In June, we presented preliminary data at the EHA annual meeting in Amsterdam, highlighting vecabrutinib's well-tolerated safety profile and evidence of clinical activity in CLL and other advanced B-cell malignancies.

Furthermore, we reported that vecabrutinib's pharmacokinetic profile remains encouraging with medium steady-state trough concentrations continuing to increase the dose of protein levels expected to provide consistent BTK inhibition in greater clinical activity. The Phase Ib dose escalation will determine the recommended dose and/or maximum tolerated dose for the Phase II cohort expansion.

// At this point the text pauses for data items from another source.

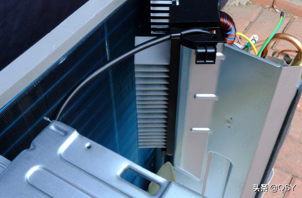 拆开米家自然风2匹外机上盖,可以看到是双排冷凝器,竖置电控板
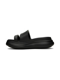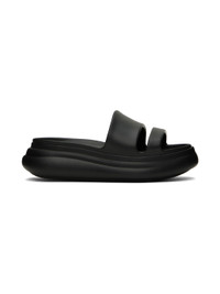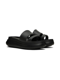 EVA rubber slip-on sandals in black. · Open round toe · Straps at vamp · Logo embossed at molded rubber footbed · Treaded rubber sole Supplier color: Black
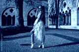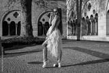 Elegant Fashion Model in Flowing Beige Dress Posing in the City in Summer Sunlight. Urban Fashion.
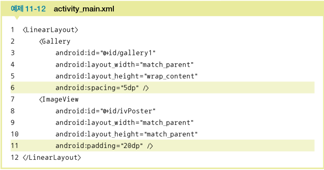 <Gallery />를 정의한다. spacing="5dp"는 갤러리에 있는 이미지 간에 여백을 준다.
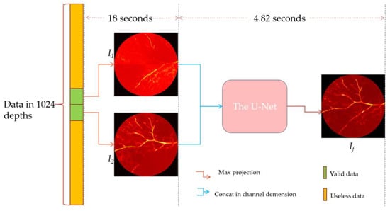 The length of an A-line is 1024. Normally, there is only a small part of the data that contains desired information (vessels and capillaries). We calibrated the distribution of the valid data and discarded the useless 1024 depths. Only valid data were chosen for image reconstruction, which saved computing resources and time.
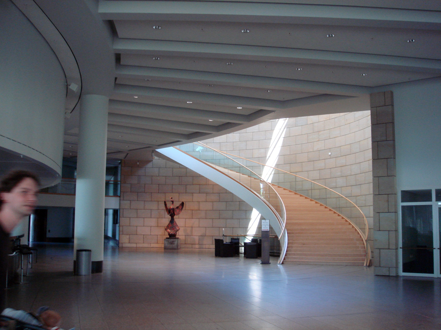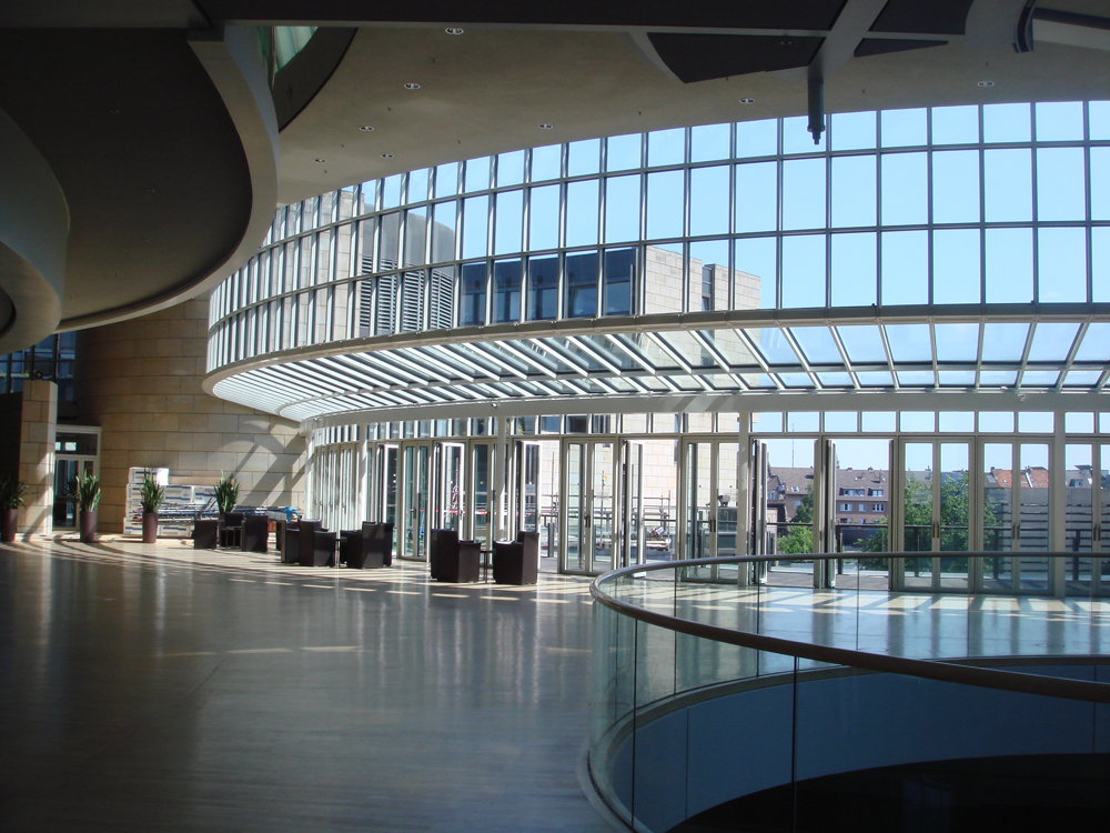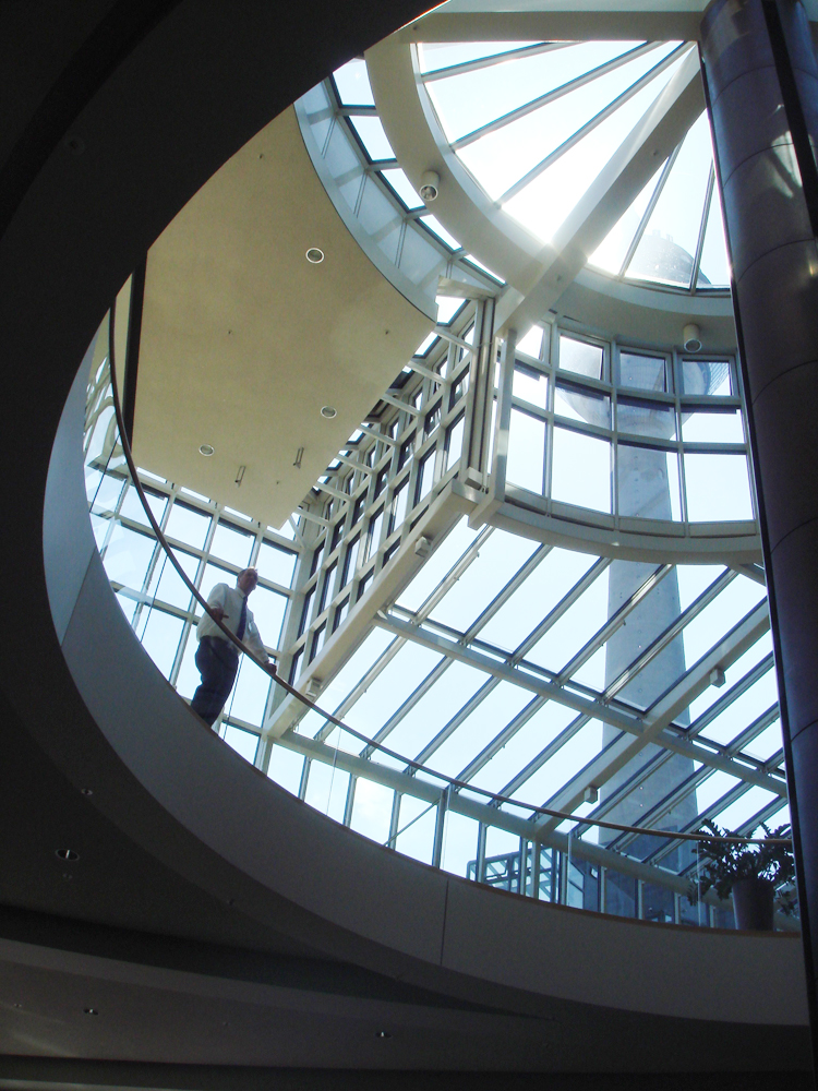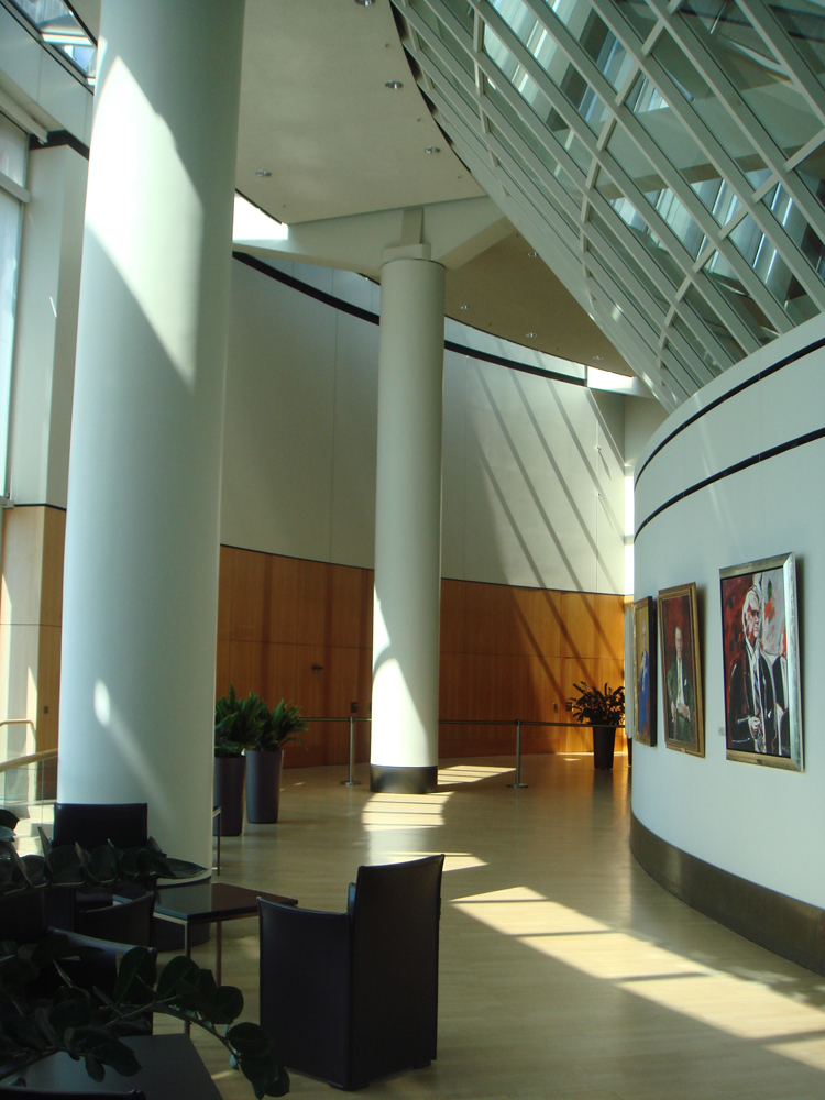 議会場の前のホワイエは、ガラスが多くて明るい空間。
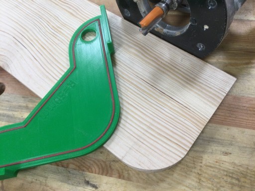 - używając frezu z łożyskiem górnym wyrównaj łuk opierając łożysko o wzornik.

In the Phase II, the safety and activity of vecabrutinib will be investigated in predefined cohorts of CLL patients, including CLL patients with a BTK C481 mutation.

We remain on track to provide a clinical update at the American Society of Hematology meeting later this year, and we are actively laying the groundwork for the Phase II component of the study.

Beyond vecabrutinib, I'd like to remind people that we remained excited about our proprietary PDK1 inhibitor SNS-510. While we are completing preclinical pharmacology studies, manufacturing and formulation activities for SNS-510, our primary focus remains the Phase Ib/II trial for vecabrutinib.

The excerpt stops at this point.